Por eso, os ruego con toda mi alma que no dejéis de hablar del sacramento de la Confesión. No tengáis miedo, no guardéis respetos humanos. Las almas están esperando vuestra ayuda. E igualmente no tengáis miedo para hablar de la Eucaristía. Desde hace veinte siglos Jesucristo nos está esperando a cada uno con el mismo amor que cuando vino aquí a la tierra y con el mismo amor que pensó en nosotros antes de la creación. Por el Bautismo, nos hemos librado del pecado original, pero todos tenemos conciencia de nuestra debilidad personal y de alguna manera podemos ofender al Señor. Y, sin embargo, Dios no es como los hombres, que guardan las ofensas en la memoria. Dios, si acudimos a Él, nos perdona, nos abraza y nos dice de nuevo: adelante, adelante; y quiere que, como en la parábola del hijo pródigo, participemos de sus tesoros y de sus riquezas.

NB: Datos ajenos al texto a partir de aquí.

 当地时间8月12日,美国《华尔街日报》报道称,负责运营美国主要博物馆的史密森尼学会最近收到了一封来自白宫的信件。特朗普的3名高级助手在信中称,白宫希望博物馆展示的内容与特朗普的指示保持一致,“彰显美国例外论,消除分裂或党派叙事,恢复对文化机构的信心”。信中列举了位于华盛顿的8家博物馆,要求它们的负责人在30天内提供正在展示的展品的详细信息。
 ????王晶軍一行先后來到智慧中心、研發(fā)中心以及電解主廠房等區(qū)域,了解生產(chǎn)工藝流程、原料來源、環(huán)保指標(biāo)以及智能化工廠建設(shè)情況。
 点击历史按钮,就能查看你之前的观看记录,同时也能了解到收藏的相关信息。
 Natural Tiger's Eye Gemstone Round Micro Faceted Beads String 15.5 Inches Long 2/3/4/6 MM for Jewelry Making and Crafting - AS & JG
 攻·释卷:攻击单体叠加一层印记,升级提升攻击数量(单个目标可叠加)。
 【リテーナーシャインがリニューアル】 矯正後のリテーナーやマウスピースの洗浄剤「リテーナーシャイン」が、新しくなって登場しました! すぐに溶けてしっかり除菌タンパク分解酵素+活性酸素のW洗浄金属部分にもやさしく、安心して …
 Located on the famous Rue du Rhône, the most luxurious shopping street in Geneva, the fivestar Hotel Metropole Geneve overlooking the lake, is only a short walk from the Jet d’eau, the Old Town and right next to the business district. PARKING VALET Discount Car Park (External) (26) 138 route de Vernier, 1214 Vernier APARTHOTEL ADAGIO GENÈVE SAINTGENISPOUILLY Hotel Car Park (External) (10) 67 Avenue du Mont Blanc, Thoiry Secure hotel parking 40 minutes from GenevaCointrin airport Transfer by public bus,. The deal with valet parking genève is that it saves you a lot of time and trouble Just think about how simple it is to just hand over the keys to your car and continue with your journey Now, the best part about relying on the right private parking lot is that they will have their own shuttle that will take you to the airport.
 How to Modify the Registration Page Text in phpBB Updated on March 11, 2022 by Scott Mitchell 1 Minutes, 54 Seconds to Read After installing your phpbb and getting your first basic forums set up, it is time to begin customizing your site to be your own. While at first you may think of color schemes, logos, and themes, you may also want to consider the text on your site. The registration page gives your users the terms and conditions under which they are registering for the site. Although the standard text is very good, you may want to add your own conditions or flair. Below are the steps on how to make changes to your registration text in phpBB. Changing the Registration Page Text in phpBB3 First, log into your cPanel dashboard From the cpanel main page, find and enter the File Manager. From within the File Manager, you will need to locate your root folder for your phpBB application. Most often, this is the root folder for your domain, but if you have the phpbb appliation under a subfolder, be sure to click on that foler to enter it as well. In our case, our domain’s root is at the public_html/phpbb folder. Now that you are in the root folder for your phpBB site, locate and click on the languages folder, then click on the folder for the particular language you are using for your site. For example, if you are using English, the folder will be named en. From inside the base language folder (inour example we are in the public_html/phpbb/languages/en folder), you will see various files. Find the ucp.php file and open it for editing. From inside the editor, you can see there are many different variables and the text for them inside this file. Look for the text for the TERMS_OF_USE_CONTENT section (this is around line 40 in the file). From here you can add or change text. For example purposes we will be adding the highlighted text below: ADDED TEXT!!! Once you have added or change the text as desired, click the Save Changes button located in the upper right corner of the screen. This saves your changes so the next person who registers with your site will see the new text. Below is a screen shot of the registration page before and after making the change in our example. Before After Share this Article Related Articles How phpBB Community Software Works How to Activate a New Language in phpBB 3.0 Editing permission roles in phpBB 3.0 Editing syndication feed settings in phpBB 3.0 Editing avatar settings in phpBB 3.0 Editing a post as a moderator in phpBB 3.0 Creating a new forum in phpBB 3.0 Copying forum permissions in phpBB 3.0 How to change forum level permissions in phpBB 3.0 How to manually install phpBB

Hemos escuchado después las palabras de Pablo: el amor de Cristo nos apremia (2 Cor 5, 14 ). Que sí, que es verdad, que Cristo te está amando, me está amando, con toda su infinitud. Y amor, lo sabéis perfectamente, con amor se paga. Por eso, el queridísimo don Álvaro, no solamente buscaba tener una vida de piedad intensa, sino que acudía a los sacramentos con puntualidad, procurando de verdad sacar el fruto necesario de esa gracia que nos llega a través de esos medios sobrenaturales, que son como las huellas de Jesucristo en la tierra.

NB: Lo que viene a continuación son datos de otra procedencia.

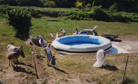 (Il y a 3 ânes qui regardent le montage de la piscine ? [1])
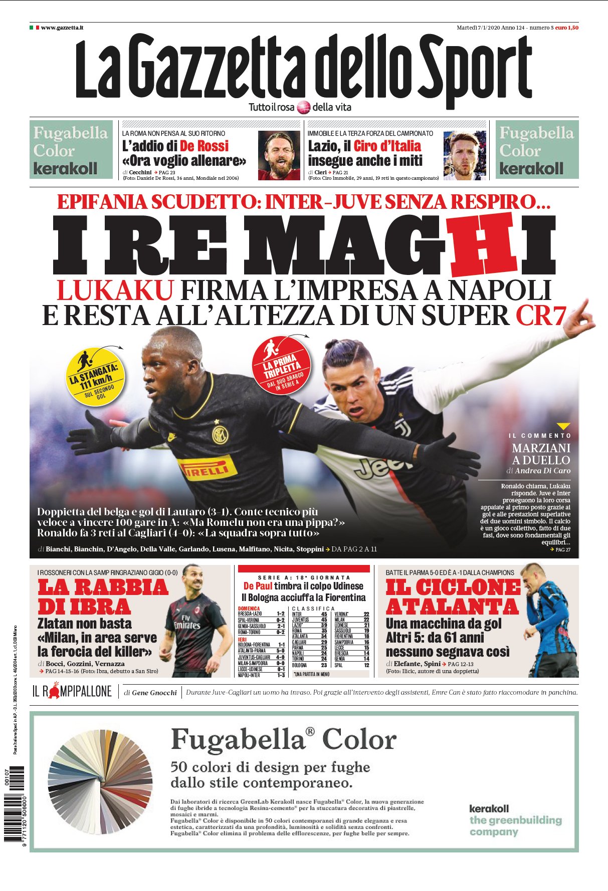 La Gazzetta in apertura: "La rabbia di Ibra. Zlatan non basta ai rossoneri"
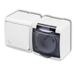 JUNIOR Łącznik jednobiegunowy + gniazdo hermetyczne (klapka biała) biały IP54 WGHH-1
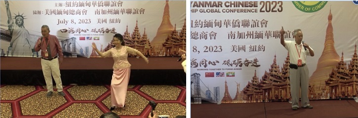外地代表团的节目则是三藩市南友团陈锡泉演唱的中缅经典歌曲颇受青睐,掌声此起彼伏。我们南加州代表团朱国盛用英语演唱"纽约 纽约",在纽约歌颂纽约,声音洪亮,掌声不断。蔡煜群先生登台演唱拿手台湾名歌"爱拼才会赢",台下观众拍手随和,场面动人。85岁的我以亮丽的缅装,五六十年代缅甸著名舞蹈家瑞曼丁貌的名歌成功"昂把摄"登台献丑,因为很少有男士跳缅甸舞,物以稀为贵,得到与会观众的欣赏。我在舞台上跳,台下观众打拍助威,有的纽约女演员在下面学跳,手舞足蹈,配合默契,场面十分热闹。
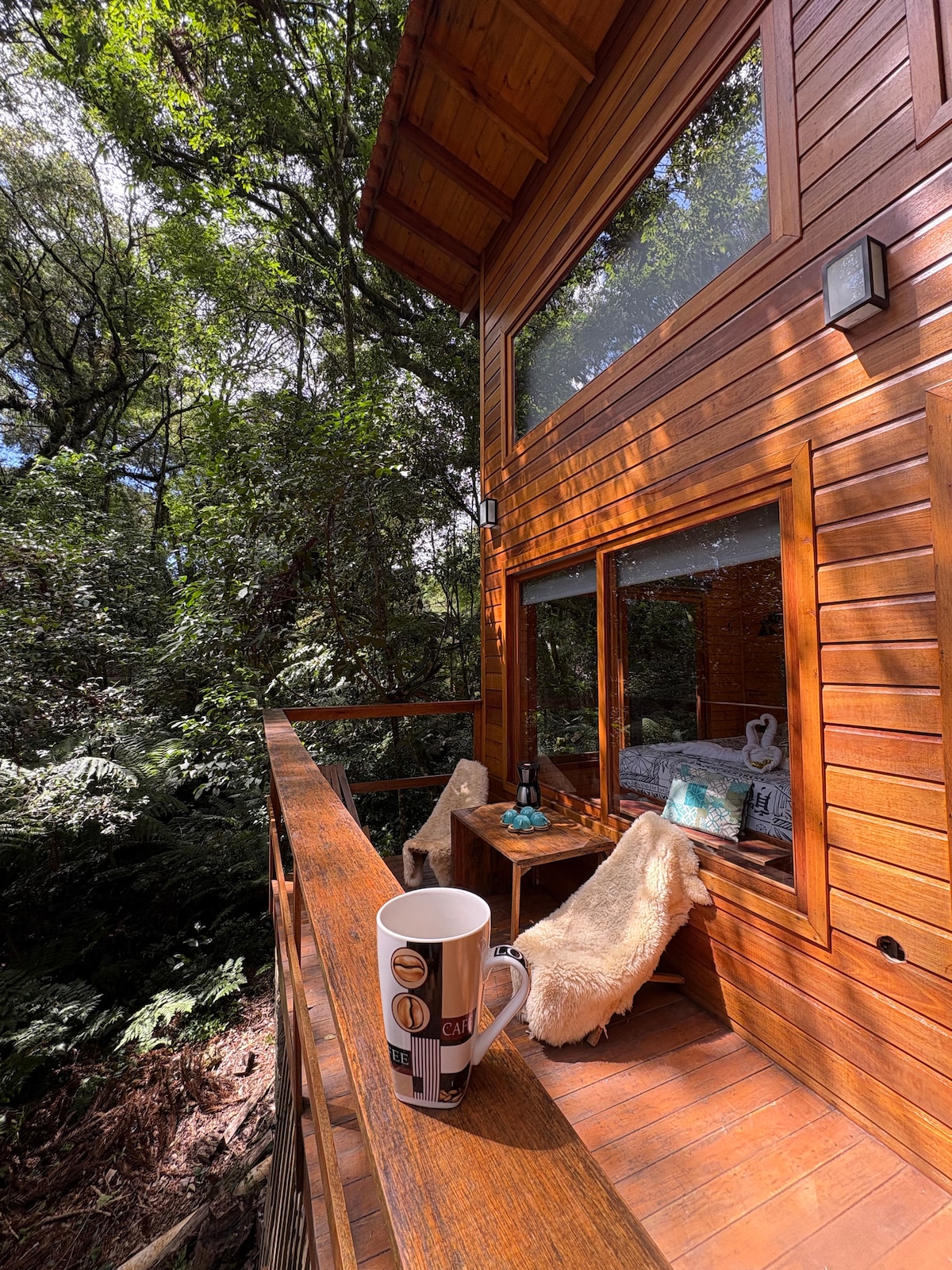 Discover "Mirante da Coruja", a tranquil refuge amidst the treetops, built with reclaimed pinho de riga wood. This glass-walled chalet provides privacy, comfort, and stunning views. Equipped with a fireplace, a private deck, and a spacious terrace, it becomes the perfect backdrop for special celebrations and relaxing moments, combining local art authenticity with the magnificent surrounding nature.
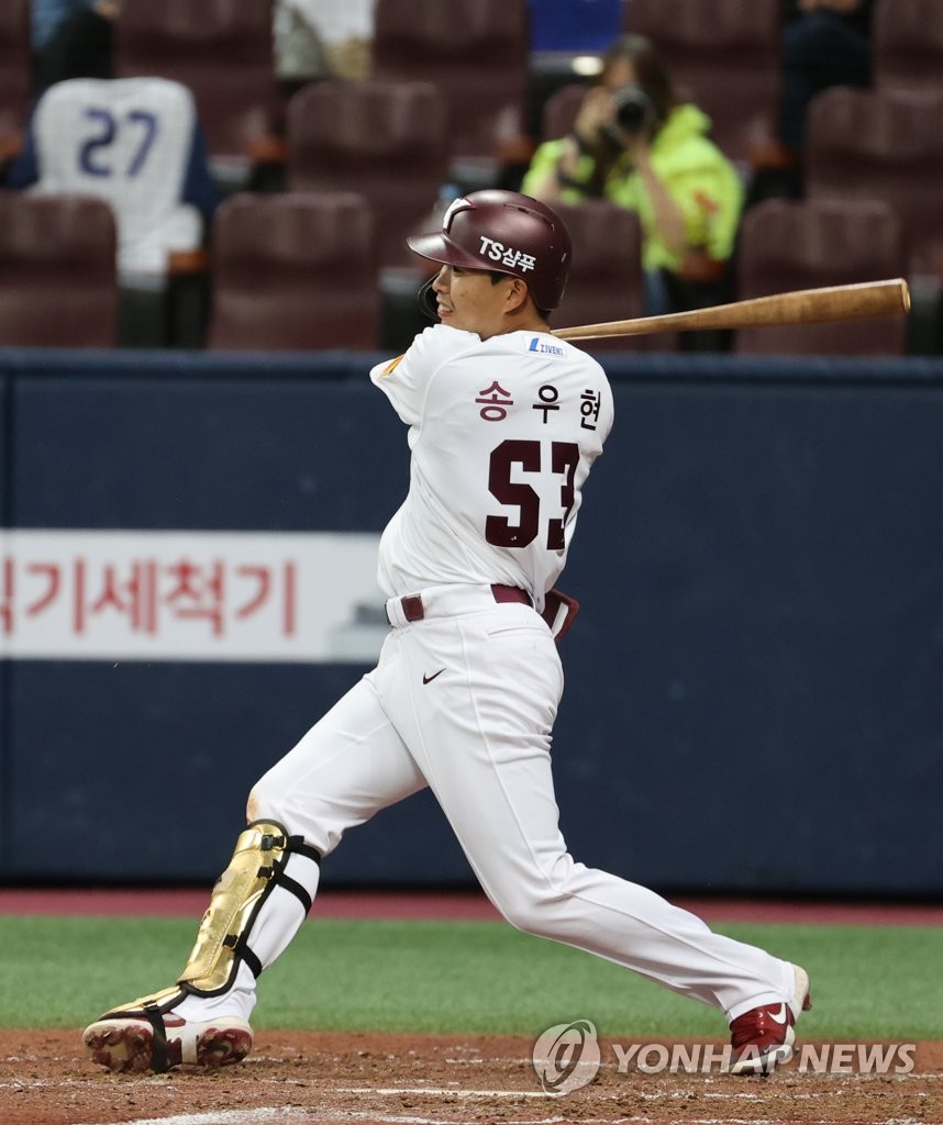 At the plate on Saturday, Song Woo-hyun did unexpected damage from No. 9 spot.

Antes de terminar quiero recordaros lo que hemos oído: Tú eres sal, tú eres luz (cfr. Mt 5, 13-14). Acudamos al Señor pidiéndole que nos dé la luz y la sal para acompañar a Francisco, el Papa, de manera que se sienta sostenido diariamente por nuestra oración y por nuestra mortificación. Cuesta poco. Yo pienso que el amor, el cariño, la filiación, llevan consigo el sacrificio gustoso y voluntario. En estos momentos de la historia, hacemos insistentemente nuestra oración personal al Cielo para pedir por la paz del mundo. Os ruego, hijos míos, hermanos míos, que no escuchéis las noticias como quien oye una cosa nueva. Pidamos por todos los lugares donde sufren, por todos los lugares donde la gente por su fe está sufriendo una seria persecución. Por eso, recemos para que en la humanidad se extienda la red de tu oración, de mi oración y nuestra mortificación y finalmente acudiendo a Nuestra Señora la Virgen de Torreciudad.
Hay una fotografía muy significativa de san Josemaría mirando, con gran agradecimiento, la imagen que está en el retablo, esa imagen a través de cuya intercesión el Señor quiso curarle de una enfermedad grave cuando era niño. Pues miremos a Nuestra Señora y pidámosle que a todos —y ahora concretamente a Nacho y a Luisra— nos haga vivir con alma sacerdotal, porque cada uno puede ser sacerdote de su propia existencia. Que nos haga buenos y fieles, como san Josemaría y el próximo beato Álvaro del Portillo. Que penséis con realidad y pidáis ayuda a la Virgen: la Iglesia está en mis manos, en mi vida, en mi fe, en mi lealtad. Que Dios os bendiga. Y felicito de todo corazón a los padres y hermanos de los dos nuevos sacerdotes. El Señor ha pasado por vuestras familias con esta bendición especial.
Romana, n. 59, julio-diciembre 2014, p. 292-295.